Per garantire che le IA non avessero mai visto queste immagini durante la fase di addestramento, i ricercatori hanno utilizzato un database di ricerca riservato, messo a disposizione dal Nencki Institute for Experimental Biology dell’Università di Varsavia. Gli esperimenti hanno indagato tre dimensioni affettive fondamentali: la piacevolezza, la tendenza all’avvicinamento o all’allontanamento e il livello di attivazione o coinvolgimento. Alle IA sono state poste domande analoghe a quelle rivolte ai partecipanti umani, del tipo: “Come giudichi questa immagine?”, “Come reagisci a questa immagine?”, “Come ti senti dopo averla vista?”, con risposte classificate su scale numeriche.
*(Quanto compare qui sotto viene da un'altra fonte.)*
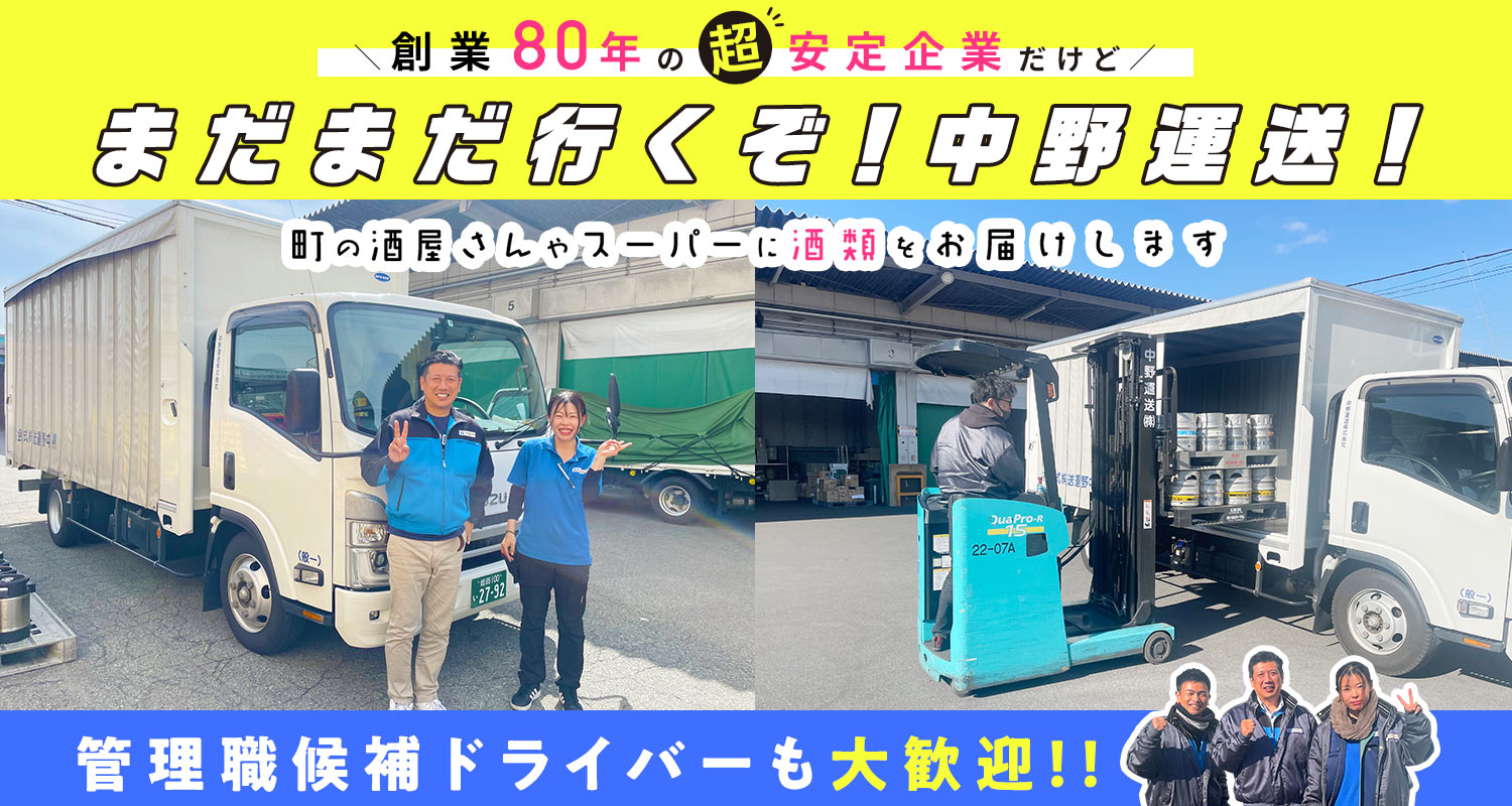 | 待 遇 | #賞与あり 年2回 #昇給あり 年1回 #昇格あり 社会保険完備 #車通勤OK (駐車場無料) バイク通勤OK 資格取得支援あり (リフト免許、費用全額支給) 制服貸与 休憩所あり 個別ロッカーあり 社割販売 (ビール・調味料など) プロバスケットボールチーム「大阪エヴェッサオフィシャルスポンサー」※観戦無料 研修制度あり ※入社後1週間~10日は横乗り研修にて、ルートを覚えたり、積み方や伝票の書き方など丁寧にお教えします。 |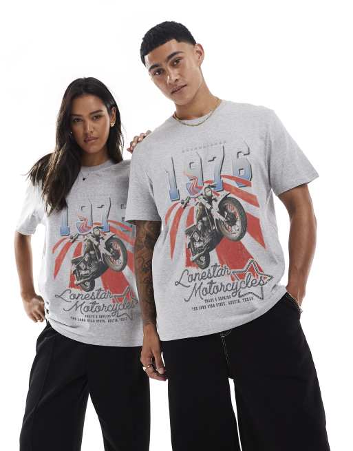 PRNT Lonestar motorcycle front print relaxed t-shirt in sports grey

Oltre a queste dimensioni generali, sono state analizzate le reazioni a sei emozioni di base: felicità, rabbia, paura, tristezza, disgusto e sorpresa. Anche in questo caso le risposte dell’IA si sono avvicinate notevolmente a quelle umane, pur con alcune differenze. GPT, in particolare, ha mostrato la maggiore coerenza con i giudizi umani, ma tendeva a “sovrastimare” le valutazioni per le immagini più cariche emotivamente.
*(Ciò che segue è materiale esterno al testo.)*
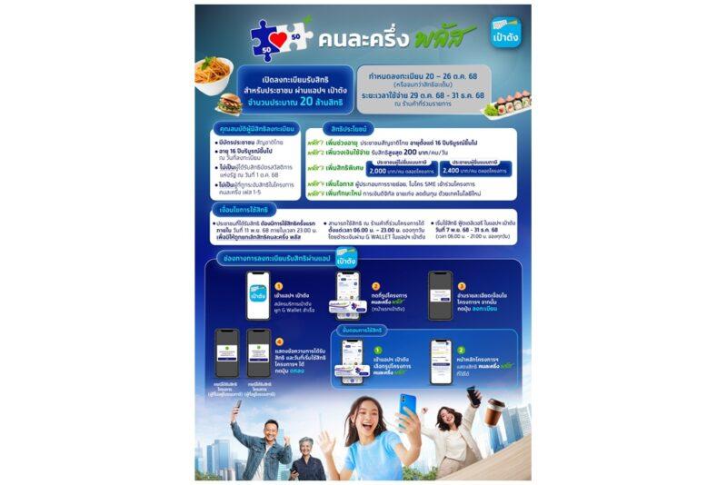 ภาครัฐสนับสนุนเงินร่วมจ่ายค่าอาหาร เครื่องดื่ม สินค้า และบริการที่กำหนด ให้แก่ประชาชนกลุ่มเป้าหมายจำนวนไม่เกิน 20 ล้านคน ในอัตราร้อยละ 50 ทั้งนี้ ไม่เกิน 200 บาทต่อคนต่อวัน แต่ไม่เกินจำนวนวงเงินสิทธิที่กำหนด โดยประชาชนผู้ยื่นแบบ ภ.ง.ด. 90 ภ.ง.ด. 91 หรือ ภ.ง.ด. 95 ในปีภาษี 2567 จะได้รับวงเงินสิทธิไม่เกิน 2,400 บาทต่อคน และประชาชนทั่วไปจะได้รับวงเงินสิทธิไม่เกิน 2,000 บาทต่อคน ตลอดระยะเวลาใช้จ่ายของโครงการฯ ซึ่งประชาชนกลุ่มเป้าหมายสามารถใช้สิทธิในโครงการฯ ผ่านแอปพลิเคชัน “เป๋าตัง” เพื่อซื้ออาหาร เครื่องดื่ม สินค้า และบริการที่กำหนดจากร้านค้าที่เข้าร่วมโครงการฯ หรือซื้ออาหารหรือเครื่องดื่มจากร้านค้าที่เข้าร่วมโครงการฯ ผ่านผู้ให้บริการระบบขนส่งอาหาร (Food Delivery Platform) ที่ได้รับอนุมัติให้เข้าร่วมโครงการฯ โดยรับชำระเงินผ่านแอปพลิเคชัน “ถุงเงิน” ซึ่งกระทรวงการคลังโดยกรมบัญชีกลางจะดำเนินการโอนเงินในส่วนที่ภาครัฐร่วมจ่ายให้แก่ร้านค้าที่เข้าร่วมโครงการฯ ภายในระยะเวลาที่กำหนดต่อไป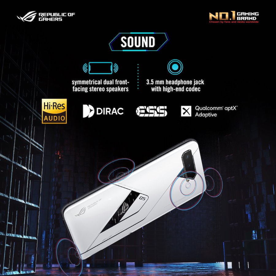 ลำโพงคู่หน้า และระบบเสียงเฉพาะ ROG Phone 5 ที่ร่วมมือกับ DIRAC ปรับแต่งออกมาให้มีคุณภาพเสียงที่มากกว่าเดิม และยังมีช่องเสียบหูฟังขนาด 3.5 มิลลิเมตร
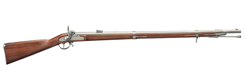 54 caliber percussion muzzleloader with a 37" round white steel barrel and fixed walnut stock. Features blade front and flip-style rear sights, weighs 9 lbs, with a 1:78.75" twist rate designed for traditional blackpowder shooting. This single-shot musket cap percussion rifle is built on the Pedersoli platform and represents a faithful reproduction of 19th-century infantry firearms.

Un aspetto interessante emerso dallo studio è che i sistemi di IA, interrogati sul loro metodo di risposta, spesso dichiaravano esplicitamente di “indovinare” il giudizio che darebbe una persona media. Ad esempio, davanti a un’immagine di cammelli in un deserto, un modello di IA ha risposto di non avere emozioni proprie ma di poter descrivere la reazione tipica umana come un interesse per un’esperienza di viaggio esotico. In altri casi, invece, la IA ha assunto prospettive più soggettive, arrivando a dichiararsi “vegetariana” e quindi a dare un giudizio negativo a un piatto di carne.
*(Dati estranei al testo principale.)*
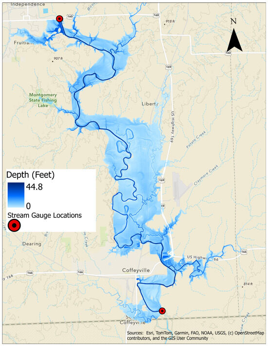 Flood dynamics along the Verdigris River between USGS gauge 07170500 and USGS gauge 07170990 were simulated using a two-dimensional HEC-RAS model (version 6.5) in 2D configuration (HR2D). The governing equations are based on the shallow-water equations and solved through the Eulerian–Lagrangian Method (SWE–ELM). The modeled river reach extends approximately 60 km in length, covering a total flood domain of 190 km2. A 48 h warm-up period was included to stabilize the initial hydraulic conditions of the model. The turbulence model was set to conservative, with longitudinal and transverse mixing coefficients assigned to default values, as no field velocity measurements were available for calibration. A fixed computational time step of 30 s was adopted, with adaptive adjustment allowed between 15 and 60 s depending on the Courant number to maintain numerical stability. The HR2D model was defined and built using the System International (metric system) units. Results generated are exported to the United States unit systems.

Secondo Romeo e Testolin, questi risultati non solo dimostrano che il linguaggio può supportare lo sviluppo di concetti emotivi nei sistemi di IA, ma sollevano questioni importanti sull’uso di queste tecnologie in ambiti delicati come l’assistenza agli anziani, l’educazione o la salute mentale. Comprendere come l’IA costruisce e restituisce valutazioni emotive è cruciale per garantire che queste risposte siano appropriate e sicure per gli utenti. Lo studio rappresenta un primo passo nel confronto diretto tra giudizi umani e risposte artificiali su contenuti emotivi, aprendo nuove prospettive sul futuro delle interazioni uomo-macchina.